Role before Technology

Define agents by business function, evaluate them on business outcomes. "What role does this agent play?" is a better first question than "which model should I use?"

A more capable model widens what an agent can reason about. It does not give you an audit trail, prevent data egress violations, reduce per-query cost, or make your knowledge graph more accurate. Those are orthogonal concerns — and this stack is where they get resolved.

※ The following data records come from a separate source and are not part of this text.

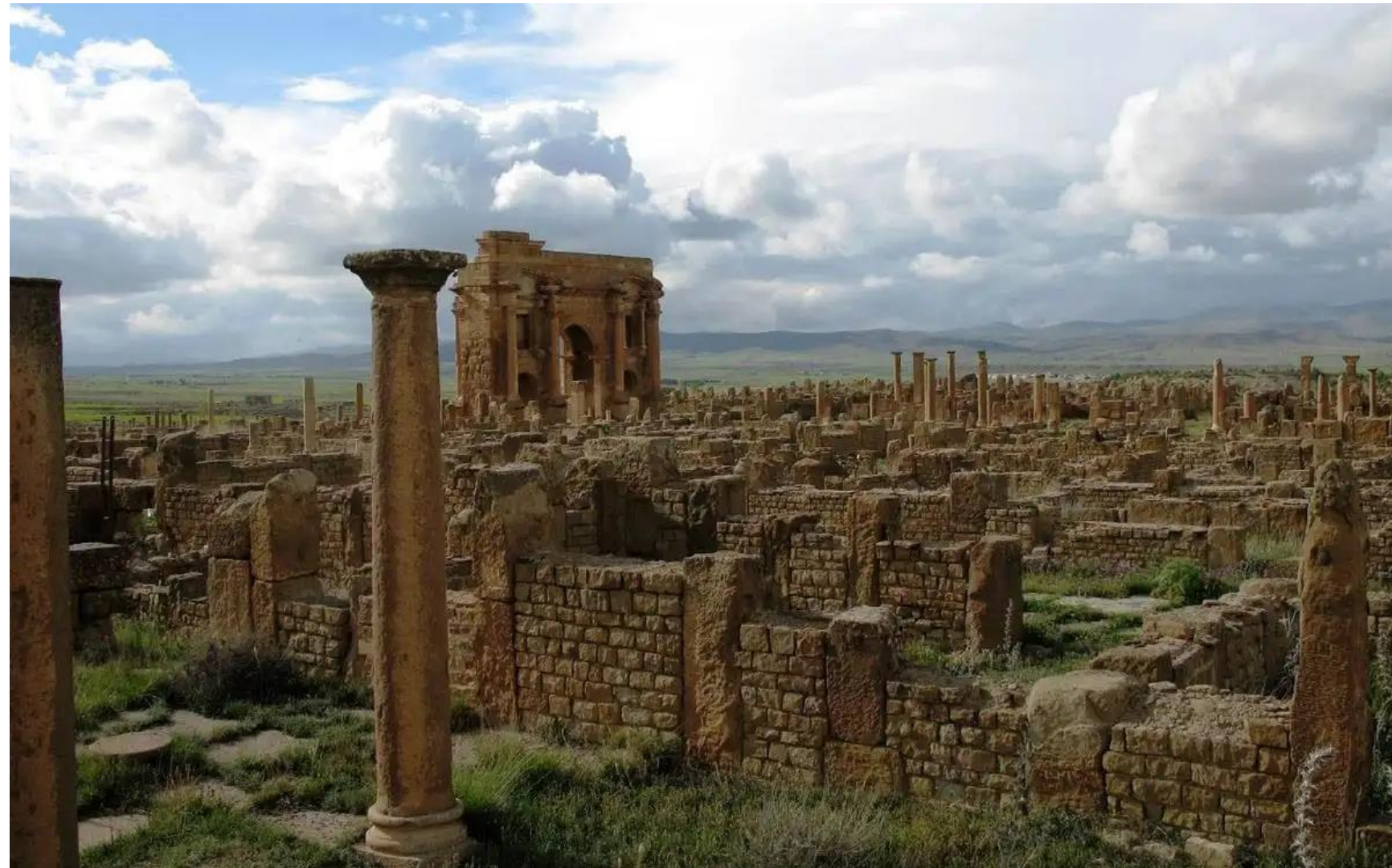
Roman ruins in Algeria, near Augustine's home city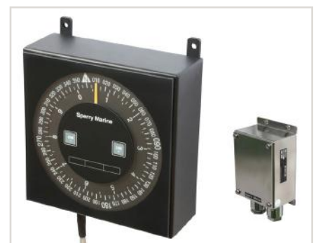
Bulkhead Repeater Compass 360°/10°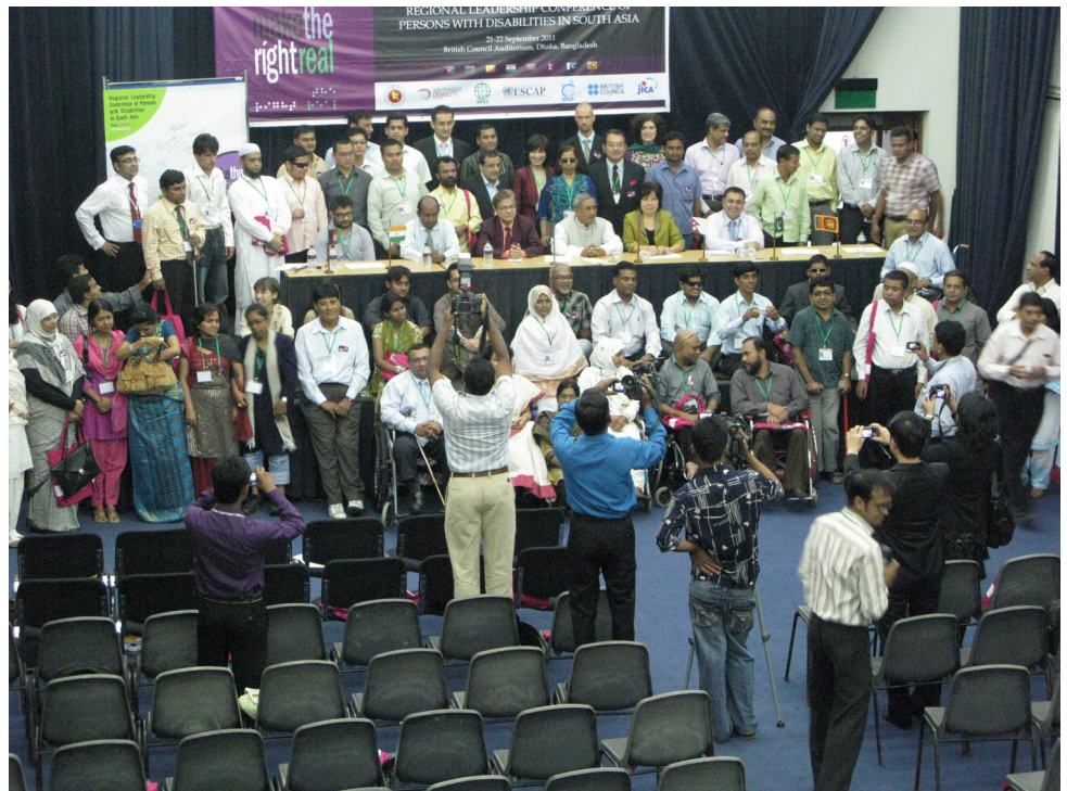
Group Photo in the Opening Ceremony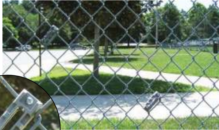
Fig. 1: The Sign Guardian clips to a standard chain-link fence, as shown at left.

Installation is simple. Slide the Sign Guardian(s) onto the fence and tighten the set screw(s) as shown in Fig. 2. Then mount the sign using the supplied tamper-resistant bolt. It screws into the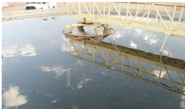
The plant's large decanter now draws 20% less power.

A wastewater treatment plant operating 24/7 is already realizing energy-saving benefits. They installed Power Plates on their NX 439 decanter processing 25 m 3 /hour. The decanter draws 10% less power from the main motor (down to 17.5 kWh from 20 kWh) and they are saving 25% on flow-dependent power. The plant now more efficiently serves its local community of 250,000 residents.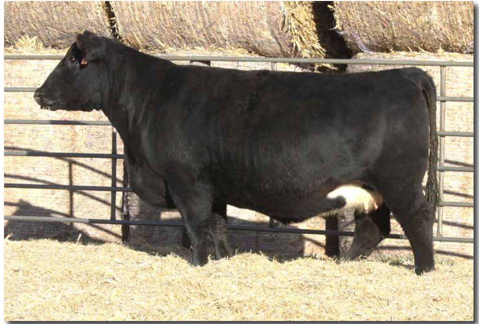
ADV MS ADMIRAL E7034 >> Sells as Lot 102.

A picture is worth a thousand words. E7034 is one of the cows that when you go check cows you always want to find. She is a creature that just puts so many things together. Massive at every angle, huge feet, absolutely beautiful udder. Her Emblem calf should be really good.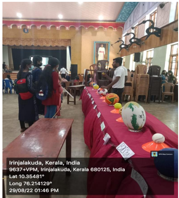
Irinjalakuda, Kerala, India 9637+VPM, Irinjalakuda, Kerala 680125, India Lat 10.35481° Long 76.214129° 29/08/22 01:46 PM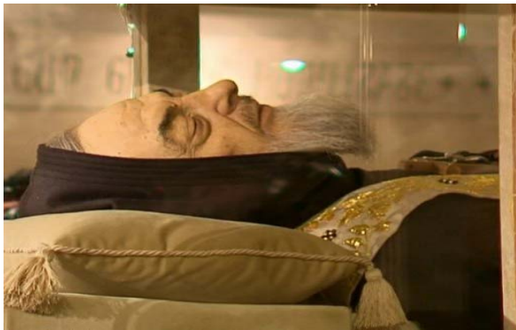
Tomb of Padre Pio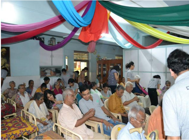
Members of Jeevan Asha Playing Housie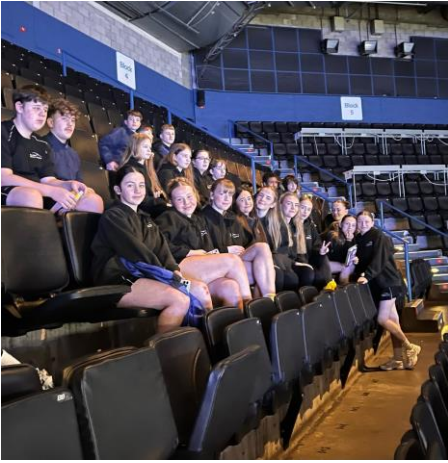
OATs Got Talent Finals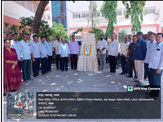
While Teachers and non-teaching staff paying floral tributes to the image of late Prime Minister Rajiv Gandhi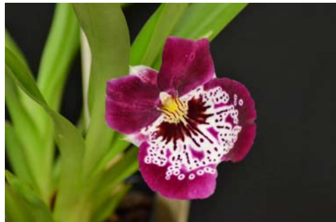
Labeled Brassidium Shooting Star, flowers indicates it is Miltonia, grown by A. & C. Bridgwaters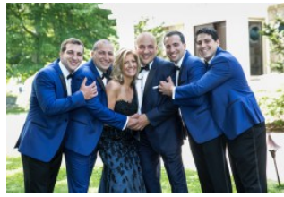
A Family Affair: The First Family of Special Events Hosts a Wedding From the Heart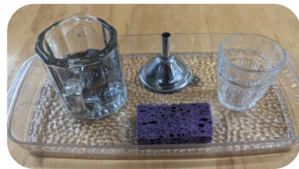
Pouring & Funnel Work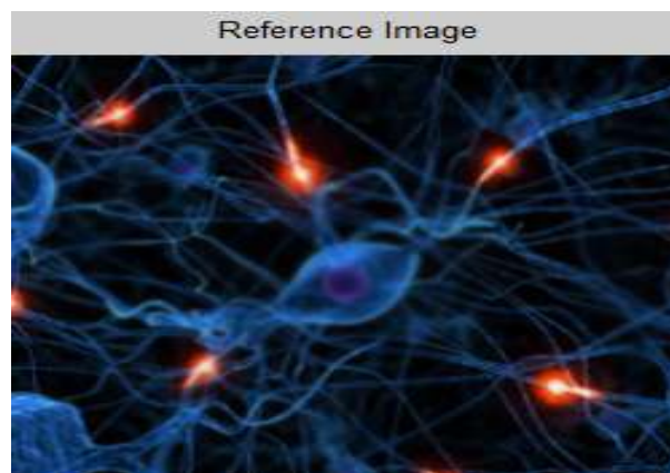
Fig 3 Reference image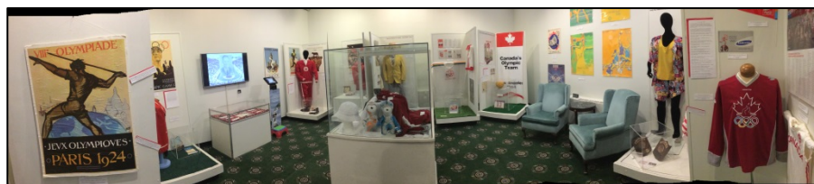
Photo: Panoramic view of our newest display, "Racing for the Rings: Saskatchewan at the Summer Olympics".

Our feature Gallery has also been updated. To celebrate all of our wonderful inductees throughout 2016, a rotating display has been installed in Gallery 1. "Inductees Through the Decades" will rotate every three months to display the inductees from each decade: 60s/70s, 80s, 90s, 00/10s. Currently on display are the years 1990-99.

Build the Unified Agentic Stack: The Architecture Is the Strategy

The counterargument is real: a sufficiently capable model, prompted well, can handle a wide range of tasks without a six-layer stack. That is true for prototypes. At production scale the failure modes are different — a better model does not stop an agent from exfiltrating regulated data, does not cap your inference bill, does not recover a multi-step pipeline when one tool call fails. The layers here exist because each one solves a problem that is orthogonal to reasoning quality: governance knows data classification from the substrate; routing consults governance constraints, not just task complexity; memory feeds the Knowledge Core's retraining signal. The compounding is real, but it is compounding of specific capabilities, not a general claim about "interconnectedness."

Start at the bottom. Get the data substrate right before you build the Knowledge Core. Deploy Governance Middleware before you give agents real execution permissions. Add AgentOps before you scale. The order matters because each layer depends on the one below — and that dependency only pays off if the layers were designed to share state from the start.